PROBLEM STATEMENT: Please give again, exactly and only, the stretch of lines from the one containing "От имени председателя" to the end of the entries below.

● ● ● ● ● ● ●

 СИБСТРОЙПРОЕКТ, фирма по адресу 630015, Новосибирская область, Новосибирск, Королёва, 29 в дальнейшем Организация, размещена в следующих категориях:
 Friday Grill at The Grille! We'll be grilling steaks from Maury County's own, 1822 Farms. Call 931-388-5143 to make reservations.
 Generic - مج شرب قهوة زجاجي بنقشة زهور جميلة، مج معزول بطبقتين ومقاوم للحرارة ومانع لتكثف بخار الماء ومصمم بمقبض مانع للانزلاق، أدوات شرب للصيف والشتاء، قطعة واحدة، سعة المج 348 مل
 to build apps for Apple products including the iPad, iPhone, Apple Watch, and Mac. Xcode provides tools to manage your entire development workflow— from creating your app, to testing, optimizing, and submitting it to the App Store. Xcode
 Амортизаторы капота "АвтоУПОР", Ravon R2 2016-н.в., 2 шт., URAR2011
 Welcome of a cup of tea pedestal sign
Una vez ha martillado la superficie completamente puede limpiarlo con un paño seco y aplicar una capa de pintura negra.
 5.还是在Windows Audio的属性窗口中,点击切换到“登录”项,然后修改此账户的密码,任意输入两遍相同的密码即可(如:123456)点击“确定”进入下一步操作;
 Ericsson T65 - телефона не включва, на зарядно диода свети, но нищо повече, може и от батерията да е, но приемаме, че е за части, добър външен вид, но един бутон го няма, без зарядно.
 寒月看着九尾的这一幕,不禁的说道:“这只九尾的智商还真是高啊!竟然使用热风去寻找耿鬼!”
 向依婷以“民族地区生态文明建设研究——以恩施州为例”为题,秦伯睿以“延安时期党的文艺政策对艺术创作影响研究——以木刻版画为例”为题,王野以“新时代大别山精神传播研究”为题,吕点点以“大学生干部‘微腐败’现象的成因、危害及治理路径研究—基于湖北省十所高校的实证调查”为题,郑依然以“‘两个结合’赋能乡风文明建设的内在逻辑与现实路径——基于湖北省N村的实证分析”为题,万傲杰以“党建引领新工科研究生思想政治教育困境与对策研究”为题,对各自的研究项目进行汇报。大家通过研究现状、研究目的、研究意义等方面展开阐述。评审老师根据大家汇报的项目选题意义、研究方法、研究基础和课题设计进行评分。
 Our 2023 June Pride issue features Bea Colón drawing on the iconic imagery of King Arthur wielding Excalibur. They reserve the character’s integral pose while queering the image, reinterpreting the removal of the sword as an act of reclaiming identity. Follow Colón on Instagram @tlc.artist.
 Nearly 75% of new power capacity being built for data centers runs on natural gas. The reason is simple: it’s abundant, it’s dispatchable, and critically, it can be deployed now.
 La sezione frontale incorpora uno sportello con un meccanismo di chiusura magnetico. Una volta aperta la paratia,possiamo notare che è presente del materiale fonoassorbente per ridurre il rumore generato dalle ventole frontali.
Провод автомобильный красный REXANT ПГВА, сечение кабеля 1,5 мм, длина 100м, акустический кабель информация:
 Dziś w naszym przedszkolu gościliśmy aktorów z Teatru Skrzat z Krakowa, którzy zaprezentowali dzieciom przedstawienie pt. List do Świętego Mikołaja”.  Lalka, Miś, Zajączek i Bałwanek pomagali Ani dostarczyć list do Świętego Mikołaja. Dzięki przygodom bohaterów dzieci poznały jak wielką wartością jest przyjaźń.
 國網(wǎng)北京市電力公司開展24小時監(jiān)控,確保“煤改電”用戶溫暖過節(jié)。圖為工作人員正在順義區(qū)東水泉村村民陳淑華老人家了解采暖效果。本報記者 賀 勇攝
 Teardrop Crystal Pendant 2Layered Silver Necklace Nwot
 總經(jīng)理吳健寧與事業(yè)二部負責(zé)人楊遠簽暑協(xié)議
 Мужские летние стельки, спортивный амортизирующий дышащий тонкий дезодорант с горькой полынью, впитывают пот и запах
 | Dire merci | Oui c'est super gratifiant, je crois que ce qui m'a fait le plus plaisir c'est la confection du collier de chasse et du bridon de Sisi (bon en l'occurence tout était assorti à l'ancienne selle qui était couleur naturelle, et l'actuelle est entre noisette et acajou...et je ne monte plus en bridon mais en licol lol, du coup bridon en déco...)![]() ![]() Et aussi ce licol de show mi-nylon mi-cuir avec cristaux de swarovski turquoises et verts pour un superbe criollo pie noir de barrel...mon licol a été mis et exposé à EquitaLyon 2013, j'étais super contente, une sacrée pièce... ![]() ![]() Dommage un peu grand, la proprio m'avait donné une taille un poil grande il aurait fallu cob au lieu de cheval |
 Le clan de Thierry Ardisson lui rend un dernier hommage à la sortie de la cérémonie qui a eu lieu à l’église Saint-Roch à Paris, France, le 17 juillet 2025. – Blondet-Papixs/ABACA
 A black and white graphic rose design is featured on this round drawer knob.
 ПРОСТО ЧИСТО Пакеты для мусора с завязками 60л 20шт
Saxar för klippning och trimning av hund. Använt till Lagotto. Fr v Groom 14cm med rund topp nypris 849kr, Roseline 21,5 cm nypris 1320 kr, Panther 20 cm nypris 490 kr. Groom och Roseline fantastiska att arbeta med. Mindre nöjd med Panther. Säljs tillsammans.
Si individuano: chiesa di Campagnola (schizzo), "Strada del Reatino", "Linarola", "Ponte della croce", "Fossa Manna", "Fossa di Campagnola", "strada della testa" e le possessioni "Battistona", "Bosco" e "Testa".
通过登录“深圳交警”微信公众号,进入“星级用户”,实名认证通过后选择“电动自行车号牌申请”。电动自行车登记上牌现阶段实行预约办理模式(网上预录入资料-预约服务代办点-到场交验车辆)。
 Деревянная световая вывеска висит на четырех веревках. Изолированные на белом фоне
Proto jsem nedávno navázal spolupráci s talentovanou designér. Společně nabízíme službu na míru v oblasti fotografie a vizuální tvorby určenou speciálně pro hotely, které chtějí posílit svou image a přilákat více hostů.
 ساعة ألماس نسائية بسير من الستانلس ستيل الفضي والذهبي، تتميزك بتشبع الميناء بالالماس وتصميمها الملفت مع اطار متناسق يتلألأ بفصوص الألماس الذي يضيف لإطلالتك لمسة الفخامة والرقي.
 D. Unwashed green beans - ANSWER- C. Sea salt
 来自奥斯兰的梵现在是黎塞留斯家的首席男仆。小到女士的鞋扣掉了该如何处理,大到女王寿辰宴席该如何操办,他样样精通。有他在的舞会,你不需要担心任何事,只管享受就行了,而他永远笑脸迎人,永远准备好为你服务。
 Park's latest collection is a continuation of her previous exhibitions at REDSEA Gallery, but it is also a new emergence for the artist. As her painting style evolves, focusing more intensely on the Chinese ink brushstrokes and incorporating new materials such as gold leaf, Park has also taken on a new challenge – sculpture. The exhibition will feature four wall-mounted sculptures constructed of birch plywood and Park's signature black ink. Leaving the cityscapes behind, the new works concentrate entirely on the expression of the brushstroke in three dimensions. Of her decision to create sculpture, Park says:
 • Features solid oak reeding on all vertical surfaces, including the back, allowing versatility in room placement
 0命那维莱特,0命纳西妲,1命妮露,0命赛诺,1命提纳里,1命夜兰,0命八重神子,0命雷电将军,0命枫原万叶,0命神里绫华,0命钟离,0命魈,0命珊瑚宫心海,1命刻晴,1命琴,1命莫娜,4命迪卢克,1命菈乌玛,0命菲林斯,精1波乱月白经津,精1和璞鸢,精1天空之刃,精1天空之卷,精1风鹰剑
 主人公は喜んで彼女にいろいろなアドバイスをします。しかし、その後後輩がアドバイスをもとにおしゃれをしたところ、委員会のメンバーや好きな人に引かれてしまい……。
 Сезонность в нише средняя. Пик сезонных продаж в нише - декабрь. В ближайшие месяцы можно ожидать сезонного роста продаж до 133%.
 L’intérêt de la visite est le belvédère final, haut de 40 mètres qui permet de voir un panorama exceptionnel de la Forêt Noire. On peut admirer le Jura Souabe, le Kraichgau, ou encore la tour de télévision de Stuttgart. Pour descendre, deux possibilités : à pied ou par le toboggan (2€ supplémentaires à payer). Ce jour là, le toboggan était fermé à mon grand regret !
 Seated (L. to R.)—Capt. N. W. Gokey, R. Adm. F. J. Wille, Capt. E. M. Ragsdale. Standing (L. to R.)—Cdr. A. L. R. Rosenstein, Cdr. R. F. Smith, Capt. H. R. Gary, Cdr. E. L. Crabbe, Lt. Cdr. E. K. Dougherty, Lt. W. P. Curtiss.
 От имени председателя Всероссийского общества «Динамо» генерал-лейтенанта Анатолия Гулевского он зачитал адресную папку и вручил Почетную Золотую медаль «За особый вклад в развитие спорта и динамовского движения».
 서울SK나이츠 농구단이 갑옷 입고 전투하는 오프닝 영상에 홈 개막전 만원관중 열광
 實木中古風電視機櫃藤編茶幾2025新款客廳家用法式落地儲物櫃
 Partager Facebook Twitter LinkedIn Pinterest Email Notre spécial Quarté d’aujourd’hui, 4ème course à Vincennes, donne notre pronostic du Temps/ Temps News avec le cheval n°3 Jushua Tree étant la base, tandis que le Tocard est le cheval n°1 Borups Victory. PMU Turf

● ● ● ● ● ● ●

WRITTEN RESPONSE:
 От имени председателя Всероссийского общества «Динамо» генерал-лейтенанта Анатолия Гулевского он зачитал адресную папку и вручил Почетную Золотую медаль «За особый вклад в развитие спорта и динамовского движения».
 서울SK나이츠 농구단이 갑옷 입고 전투하는 오프닝 영상에 홈 개막전 만원관중 열광
 實木中古風電視機櫃藤編茶幾2025新款客廳家用法式落地儲物櫃
 Partager Facebook Twitter LinkedIn Pinterest Email Notre spécial Quarté d’aujourd’hui, 4ème course à Vincennes, donne notre pronostic du Temps/ Temps News avec le cheval n°3 Jushua Tree étant la base, tandis que le Tocard est le cheval n°1 Borups Victory. PMU Turf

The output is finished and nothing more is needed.